__WORK TO COMPLETE__. Output the listing below exactly, minus its images.

►

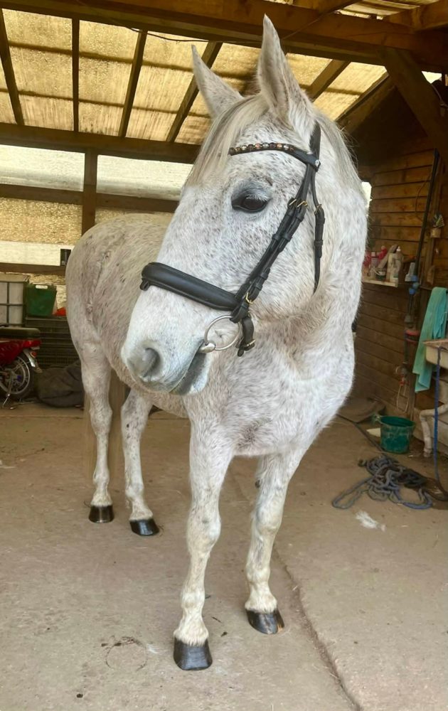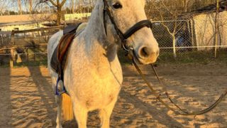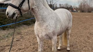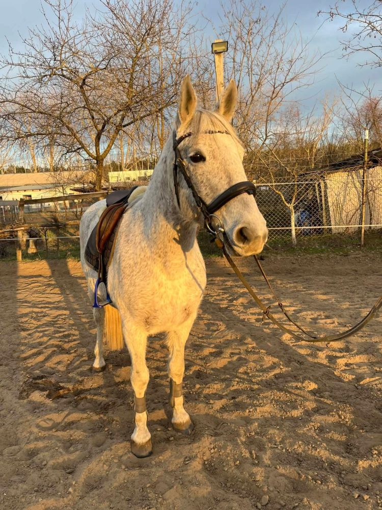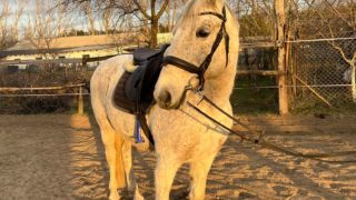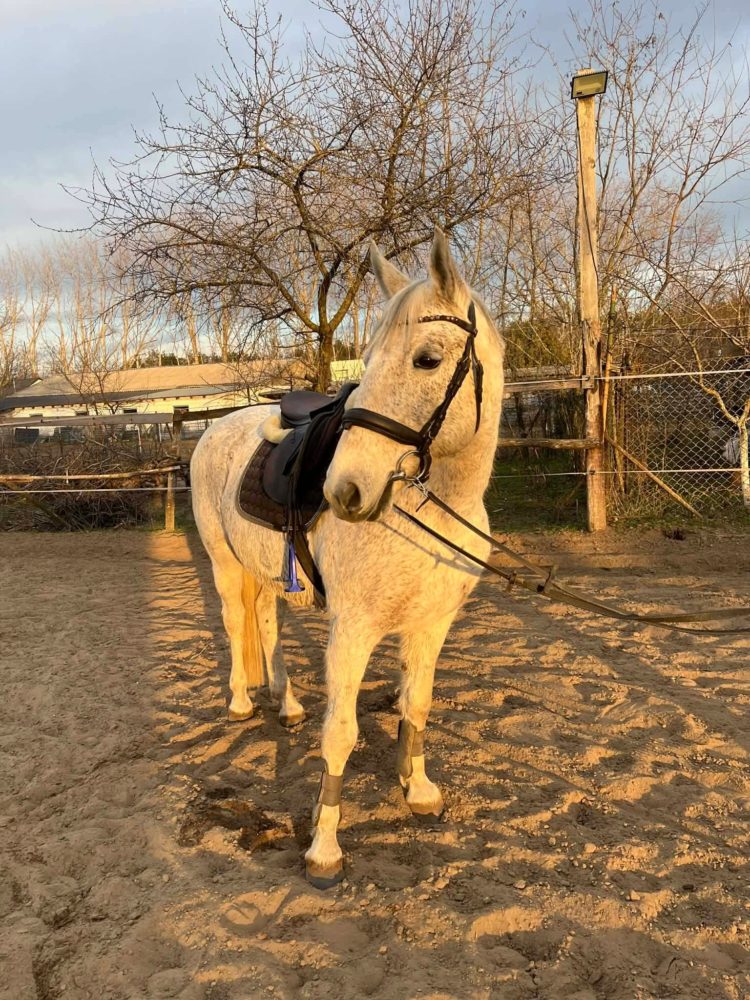 | Új otthonát keresi a képeken látható 12 éves magyar félvér kanca. Papírjai, oltásai, vérvétele rendben vannak. Ismeretlen származású, masszív testfelépítésű. Erősebb testalkatú lovasoknak is ideális társ lehet. Mutatós küllemű, 160 cm magas. Hobbi szinten lovagolt, jó munkakészségű, puha szájú, könnyen kezelhető kanca. Ügyességi feladatokat ismeri, pici ugrásokat szívesen ugrik. Futószáron szóra dolgozik. Más lovakkal jól kijön, nem domináns típus. Tökéletes választás lehet ügyesebb hobbi lovasok számára. |
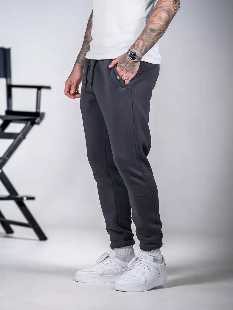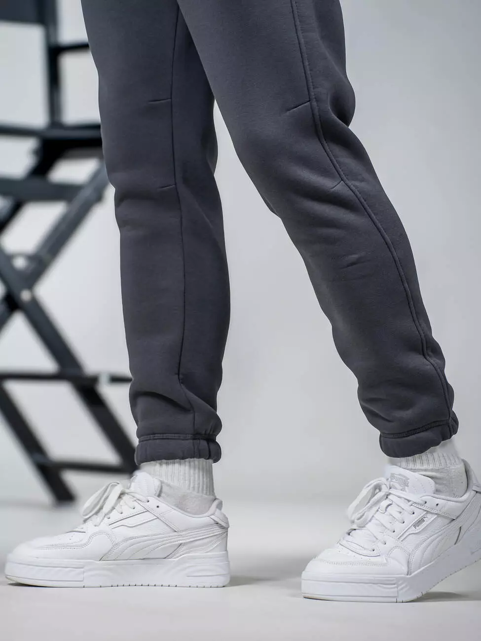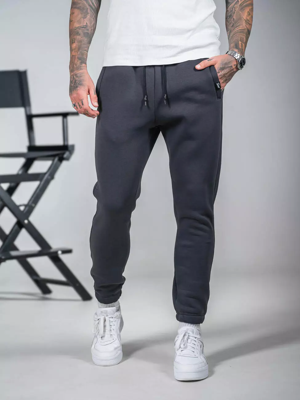 Мужские теплые спортивные штаны, зауженные книзу с подворотом на
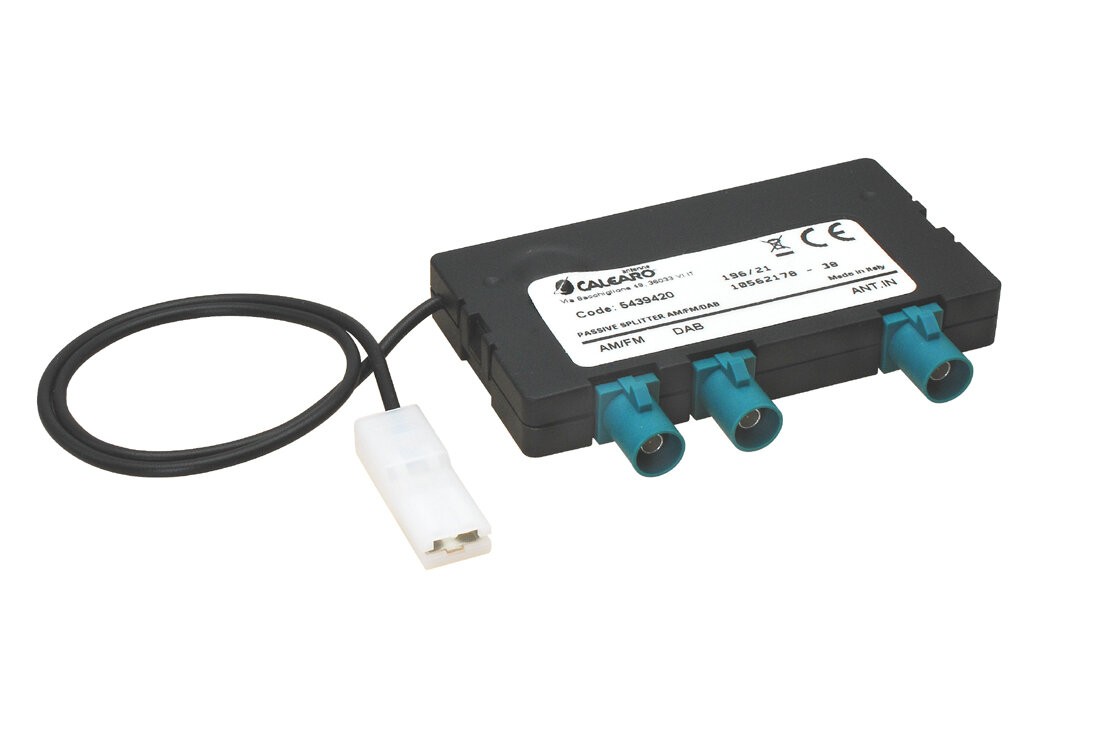 Rozbočovač rádiového signálu pre príjem AM/FM analógového rádiového signálu a DAB-DAB+ digitálneho rádiového signálu. Je určený pre aktívne alebo pasívne autoantény AM/FM pripravené pre príjem digitálneho signálu. Rozbočovač je vhodný aj pre antény s fantómovým napájaním 12 V.
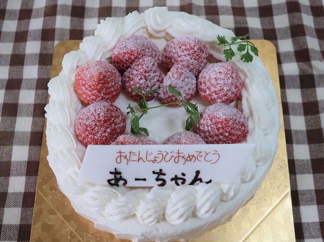 なんかこうクリームの甘さ加減といい、泡立て加減といい、またデザインも昔ながらだし、イチゴの酸っぱい感じとか、お名前プレートの今一つキレイに書けてない感じとか、ね。
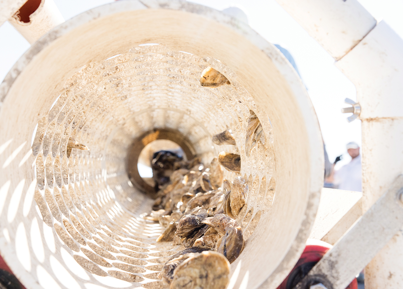“I love the perspective on this photo from Elizabeth Gelineau. She takes you right inside the oyster tumbler, and that winter light filtering through the holes is magical. We had such a fun day dressed in waders waist-deep in the chilly winter water, capturing photos and story details with the Navy Cove team and our freelance writer, Theresa Lacey! I will always remember this day, and the divine oysters we ate straight out of the bay!”
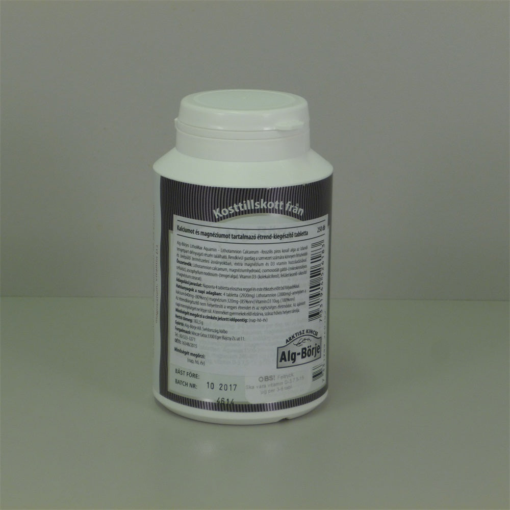 Lithotamnion Calcareum (Islandská fosílna červená koralová riasa) prášok. Obsahuje prirodzený vápnik, horčík, železo a ďalších 74 druhov prírodných minerálov. Obohatené o extra horčík a vitamín D3.
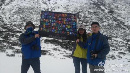 图1:赴藏玩家在雪山上高举《DOTA2》海报
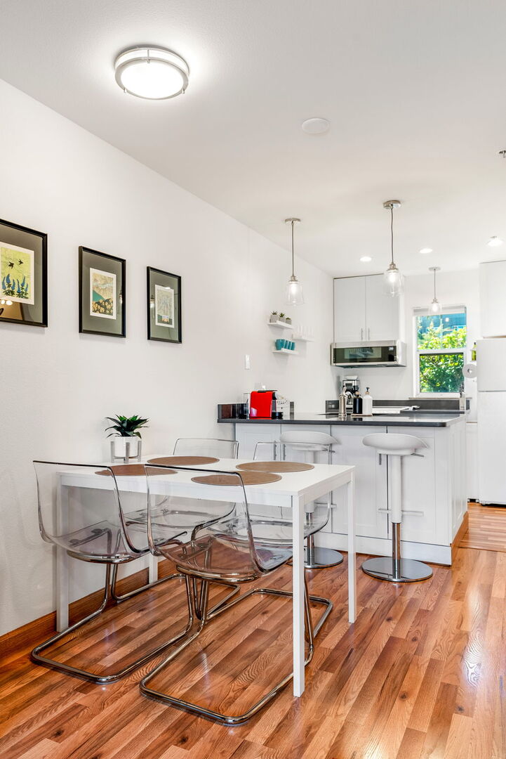 Este apartamento de un dormitorio tiene toques modernos y una planta abierta. La unidad ha sido completamente renovada y es perfecta para cualquier escapada al monte Hood. La sala de estar tiene un bonito sofá con Chase, WiiU y un gran televisor OLED 4k. Hay muchos ganchos y un secador de botas para todo tu equipo mojado. El dormitorio tiene un área de trabajo dedicada, cama tamaño king y mucho espacio para toda tu ropa. La cocina está equipada con todo lo necesario para preparar una comida y tiene capacidad para 6 personas. La nevera es épica.

◄

__ANSWER BOX__.
 | Új otthonát keresi a képeken látható 12 éves magyar félvér kanca. Papírjai, oltásai, vérvétele rendben vannak. Ismeretlen származású, masszív testfelépítésű. Erősebb testalkatú lovasoknak is ideális társ lehet. Mutatós küllemű, 160 cm magas. Hobbi szinten lovagolt, jó munkakészségű, puha szájú, könnyen kezelhető kanca. Ügyességi feladatokat ismeri, pici ugrásokat szívesen ugrik. Futószáron szóra dolgozik. Más lovakkal jól kijön, nem domináns típus. Tökéletes választás lehet ügyesebb hobbi lovasok számára. |
 Мужские теплые спортивные штаны, зауженные книзу с подворотом на
 Rozbočovač rádiového signálu pre príjem AM/FM analógového rádiového signálu a DAB-DAB+ digitálneho rádiového signálu. Je určený pre aktívne alebo pasívne autoantény AM/FM pripravené pre príjem digitálneho signálu. Rozbočovač je vhodný aj pre antény s fantómovým napájaním 12 V.
 なんかこうクリームの甘さ加減といい、泡立て加減といい、またデザインも昔ながらだし、イチゴの酸っぱい感じとか、お名前プレートの今一つキレイに書けてない感じとか、ね。
“I love the perspective on this photo from Elizabeth Gelineau. She takes you right inside the oyster tumbler, and that winter light filtering through the holes is magical. We had such a fun day dressed in waders waist-deep in the chilly winter water, capturing photos and story details with the Navy Cove team and our freelance writer, Theresa Lacey! I will always remember this day, and the divine oysters we ate straight out of the bay!”
 Lithotamnion Calcareum (Islandská fosílna červená koralová riasa) prášok. Obsahuje prirodzený vápnik, horčík, železo a ďalších 74 druhov prírodných minerálov. Obohatené o extra horčík a vitamín D3.
 图1:赴藏玩家在雪山上高举《DOTA2》海报
 Este apartamento de un dormitorio tiene toques modernos y una planta abierta. La unidad ha sido completamente renovada y es perfecta para cualquier escapada al monte Hood. La sala de estar tiene un bonito sofá con Chase, WiiU y un gran televisor OLED 4k. Hay muchos ganchos y un secador de botas para todo tu equipo mojado. El dormitorio tiene un área de trabajo dedicada, cama tamaño king y mucho espacio para toda tu ropa. La cocina está equipada con todo lo necesario para preparar una comida y tiene capacidad para 6 personas. La nevera es épica.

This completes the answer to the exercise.